Redirect DNS to pi-hole

Started by louis_nichols, May 04, 2025, 05:17:43 PM

Previous topic - Next topic
Print
Go Down Pages1
User actions
May 04, 2025, 05:17:43 PM
Hi all!

I have a network where opnsense is the LAN gateway at 10.0.0.1. Pi-hole is the DHCP and DNS server at 10.0.0.10.

I am trying to redirect all DNS queries from LAN to pihole. I have tried so many combinations, but none of them work and it's driving me crazy. I've read various instructions online and even tried with ChatGPT (which is mostly horrible at this, btw), but now I feel lost.

The challenge here is to redirect traffic from all LAN IPs to any IP and port 53 to 10.0.0.10:53, while at the same time allowing 10.0.0.10 to access its upstream DNS.

I've tried two different paths, with many permutations in between.


1. A single port forwarding rule under Firewall: NAT: Port Forward where
  • Interface LAN
  • TCP/IP Version IPv4
  • Protocol TCP/UDP
  • Source / Invert  is ENABLED
  • Source is Single host or network 10.0.0.10/32
  • Source port range is ANY
  • Destination / Invert  is ENABLED
  • Destination is Single host or network 10.0.0.10/32
  • Destination port range is DNS
  • Redirect target IP is Single host or network 10.0.0.10/32
  • Redirect target port is DNS

2. Two rules where:
  Rule 1 is under Firewall: Rules: LAN and allows DNS traffic from 10.0.0.10
  • Action PASS
  • Quick is ENABLED
  • Interface LAN
  • Direction IN
  • TCP/IP Version IPv4
  • Protocol TCP/UDP
  • Source / Invert  is DISABLED
  • Source is Single host or network 10.0.0.10/32
  • Destination / Invert is DISABLED
  • Destination ANY
  • Destination port range DNS
  Rule 2 is under Firewall: NAT: Port Forward and redirects all traffic from LAN net to 10.0.0.10
  • Interface LAN
  • TCP/IP Version IPv4
  • Protocol TCP/UDP
  • Source / Invert  is DISABLED
  • Source is LAN NET
  • Source port range is ANY
  • Destination / Invert is ENABLED
  • Destination is Single host or network 10.0.0.10/32
  • Destination port range is DNS
  • Redirect target IP is Single host or network 10.0.0.10/32
  • Redirect target port is DNS
Then, under Firewall: Rules: LAN Rule 1 is above Rule 2.

Unfortunately, none of these work. Like, I said, I tried various permutations in between, but I either get that DNS doesn't work at all, or that it's not redirected to pi-hole and just goes out to (for example) 8.8.8.8.

I would greatly appreciate some guidance here.

May 04, 2025, 06:39:34 PM #1
You need to add an outbound NAT rule for this to work. Otherwise you will run into asymmetric routing issues.
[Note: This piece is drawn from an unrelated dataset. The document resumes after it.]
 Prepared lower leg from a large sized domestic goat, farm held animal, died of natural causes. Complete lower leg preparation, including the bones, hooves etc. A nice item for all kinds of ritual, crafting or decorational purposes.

You have to enable the hybrid outbound NAT mode and add a rule:
interface: LAN
source: LAN subnet
destination: 10.0.0.10/32
destination port: 53
translation: interface address

This lead into loosing the information about the origin clients source IP on the pihole for redirected traffic. If you need this information you have to put the pihole into different network segment.
May 04, 2025, 07:45:41 PM #2
Quote from: viragomann on May 04, 2025, 06:39:34 PMYou need to add an outbound NAT rule for this to work. Otherwise you will run into asymmetric routing issues.
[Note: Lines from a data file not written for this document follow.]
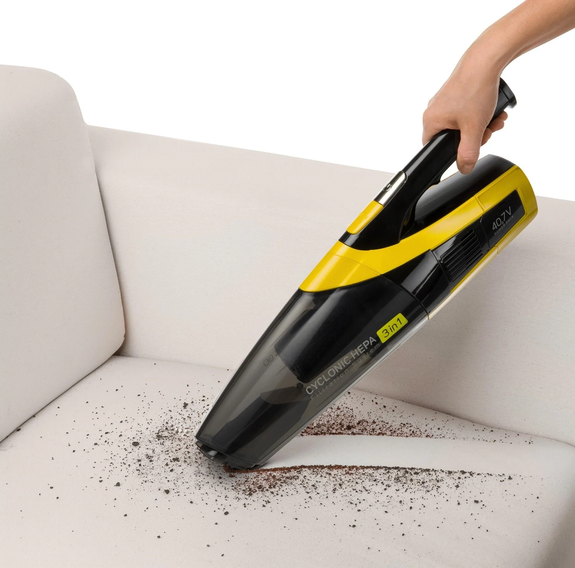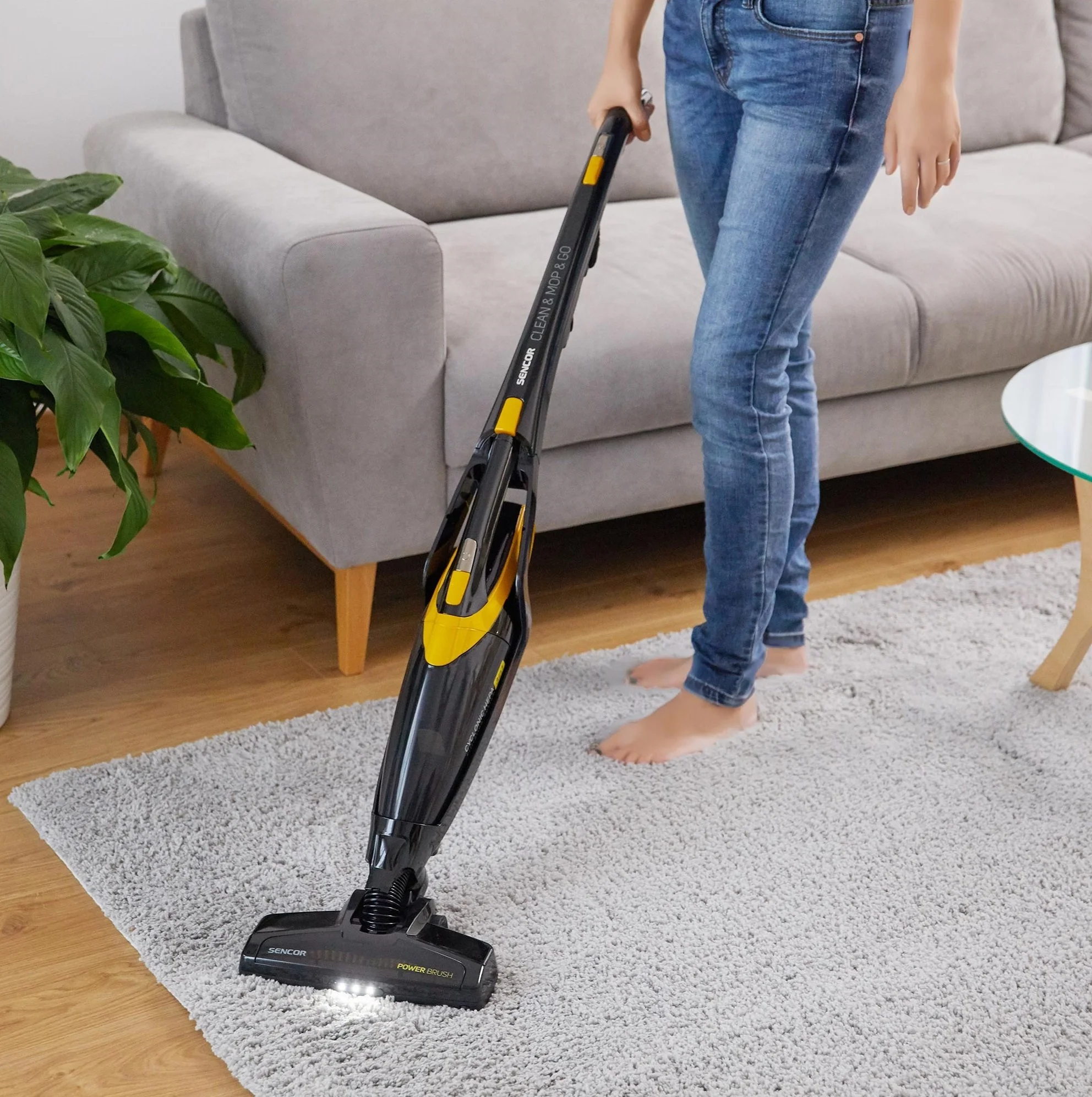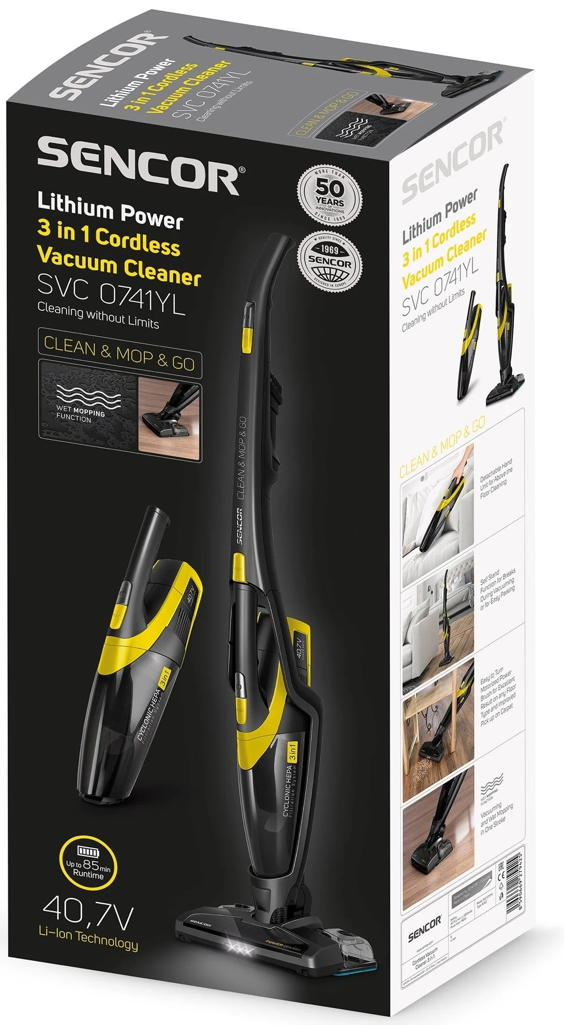 Залиш весь безлад на пилосос SVC 0741YL-EUE3 від Sencor, і в мене є високоефективна літій-іонна батарея 40,7 В, з якою я можу працювати протягом чудових 85 хвилин. Насолоджуйтеся повною свободою під час прибирання! Бездротова робота дуже зручна, і, оскільки я користуюся ручним пилососом, я також забезпечую зручне поводження, незалежно від того, яку підлогу ви пилососите, навіть під меблями. Спробуйте мене! Я потужний, легкий, тихий, стійкий, багатофункціональний і простий у використанні завдяки поворотній насадці на 180°.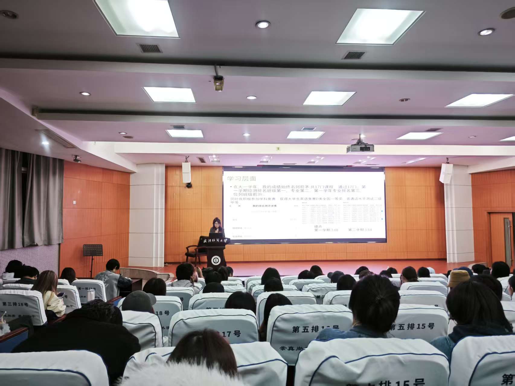 本次班会,2024级还邀请了三位综测突出的学生代表分享学习经验感悟。数字媒体艺术专业的高畅、视觉传达设计专业的董凌然以及环境设计专业的张义果,分别聚焦学科竞赛、学生干部工作、社会实践、英语备考等展开分享。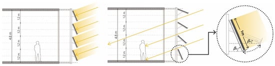 Representative studies on solar panels in architectural design are classified according to the size of the solar panel module attached to a building. First, if the photovoltaic module used in the study is macro-sized, the photovoltaic panel is directly installed on the building elevation. To derive the maximum energy production using solar panels attached to the building elevation, a study was conducted to determine the size of the building’s outer wall using a parametric design [42]. This study can play an important role in determining the basic form of a building suitable for a given site. There has also been an empirical study on the production of building elevations of a certain size comprising solar panels. A solar panel was manufactured for movement, and the energy produced by the solar panel was measured at certain angles. The optimal angle of the solar panel was derived based on the maximum amount of energy generated by the solar panel [43,44,45]. Secondly, considering micro-sized solar modules, a study using sunshades installed on windows has been reported previously. When a solar panel is integrated with a sunshade, it is planned for the size of the solar panel to be small. A study was conducted to measure energy production using the size and spacing of the solar panels to be placed on the sunshade and at various angles exposed to sunlight [46,47]. Additionally, research on the development of sunshades with attached solar panels is characterized by the fact that the subject of research is not limited to solar panels but expands to the interior space of buildings. As the area of the solar panel attached to the sunshade is small, increasing the energy utilization of the interior space of buildings using sunshades is considered in addition to optimal energy production [48].

You have to enable the hybrid outbound NAT mode and add a rule:
interface: LAN
source: LAN subnet
destination: 10.0.0.10/32
destination port: 53
translation: interface address

This lead into loosing the information about the origin clients source IP on the pihole for redirected traffic. If you need this information you have to put the pihole into different network segment.
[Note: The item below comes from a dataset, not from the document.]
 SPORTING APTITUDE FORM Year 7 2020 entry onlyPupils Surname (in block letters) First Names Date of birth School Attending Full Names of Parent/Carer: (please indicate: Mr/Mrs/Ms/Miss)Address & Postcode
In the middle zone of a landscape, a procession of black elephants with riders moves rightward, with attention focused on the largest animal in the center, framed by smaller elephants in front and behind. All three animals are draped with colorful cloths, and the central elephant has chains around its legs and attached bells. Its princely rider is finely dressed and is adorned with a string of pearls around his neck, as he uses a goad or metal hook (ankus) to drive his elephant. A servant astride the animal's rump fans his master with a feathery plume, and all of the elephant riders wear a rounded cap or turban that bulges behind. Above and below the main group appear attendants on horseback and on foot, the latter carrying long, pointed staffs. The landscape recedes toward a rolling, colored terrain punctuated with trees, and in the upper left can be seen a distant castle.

Thanks for the hint. And I use this rule in addition to the port redirection?
May 04, 2025, 08:39:27 PM #3
Yes. The redirection just redirects DNS traffic to the pihole, but doesn't change the source IP. But if the DNS packets are coming from OPNsense it's required that they have the OPNsense LAN IP as source address. This part is realized by the outbound NAT.
May 05, 2025, 03:11:50 PM #4
Dude, I did it like this on mine.

I use pi-hole, I put the IP in DHCP (DNS SERVERS)


I didn't need to add any rules when forwarding ports.


In the firewall rules I just allowed local access between the LANs I have, and so everything works perfectly.


Pi-Hole

Ricardo Lanes
Information Security Analyst
ricardo@lanes.rio
------
- OPNsense 25.1.5_5/AMD64
- Alder Lake N100 @ 16GB DDR5
- NIC INTEL 1225x6 2.5G
- 128GB SATA 3.0
- UPLINK 800MB/ 500MB
- UPLINK 500MB/ 300MB
May 05, 2025, 06:00:35 PM #5
The TO uses the pihole as DHCP server as well, as he wrote in the very first line. So I expect, that the DHCP server most probably hands out its own IP as DNS server.

The concerns here might be about mulish DHCP clients, which do not care about the pushed DNS settings, but send request to other (public) DNS servers instead.
May 05, 2025, 06:30:44 PM #6
I also set pihole as the system default in System > Settings > General > Networking

I don't know if this would be the best option, but it works :)
Ricardo Lanes
Information Security Analyst
ricardo@lanes.rio
------
- OPNsense 25.1.5_5/AMD64
- Alder Lake N100 @ 16GB DDR5
- NIC INTEL 1225x6 2.5G
- 128GB SATA 3.0
- UPLINK 800MB/ 500MB
- UPLINK 500MB/ 300MB
May 11, 2025, 03:00:10 AM #7
Thank you both for the help. I had a crazy week and only managed to try this stuff today.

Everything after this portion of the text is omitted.